Rozdział 65 Inna Briannad cz. 2
Właśnie gdy wychodzimy z mieszkania, by pójść do nowego, ktoś puka do drzwi. Mimo że Jasper powiedział, że nie będzie mnie więcej pieprzył, dopóki nie pójdziemy na górę, nie potrafił dotrzymać słowa; zabrał mnie tam niezliczoną ilość razy. Spędziliśmy poranek na chrzczeniu każdego pokoju w tym mieszkaniu, więc czemu nie pójść i nie zacząć od razu nowego?

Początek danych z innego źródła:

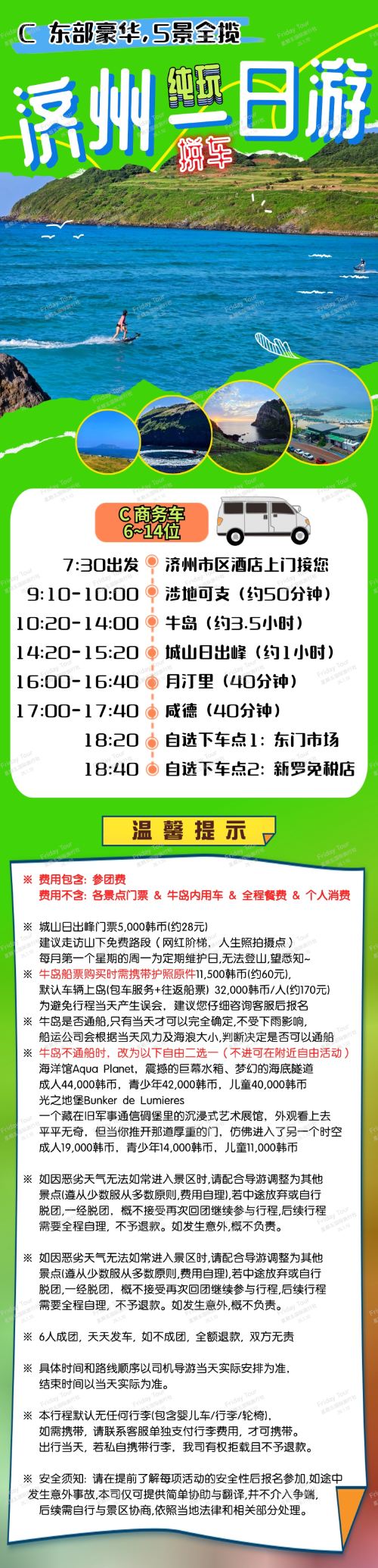 韩国济州岛牛岛豪华一日游【涉地+城山+牛岛+月汀里+咸德】【C 5景豪华路线 [涉地可支+城山日出峰+牛岛+月汀里+咸德] 东部豪华全景,东部沙滩一览无余】
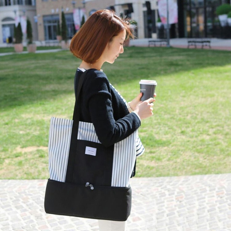 新しい韓国のストライプの弁当袋の二重保温の屋外のピクニックの収納袋の多機能の乾湿の分離の旅行カバン

Cóż, zakładam, że to właśnie zrobimy, gdy tam pójdziemy, po tym jak Jasper pokaże mi, co przyniósł wczoraj wieczorem. W każdym razie, właśnie skończyliśmy się ubierać, gdy głośne pukanie rozbrzmiewa w salonie.
„Przysięgam, jeśli to znowu będą twoi znajomi, nie spodoba im się to, co mam im do powiedzenia”. Jasper warczy.
Zakrywam usta dłonią, żeby ukryć rozbawienie jego irytacją. Patrząc, jak idzie do drzwi z tą seksowną nonszalancją, jaką ma, mam ochotę rozebrać się tutaj i błagać go, żeby zabrał mnie jeszcze raz. Niestety, będzie musiało to jeszcze trochę poczekać, ponieważ kiedy Jasper otwiera drzwi, wita go twarz pełna kolorowych balonów i pyszne urodzinowe ciasto. Zupełnie zapomniałam, że ma je dostarczyć na lunch; mam nawet kilka prezentów do otwarcia.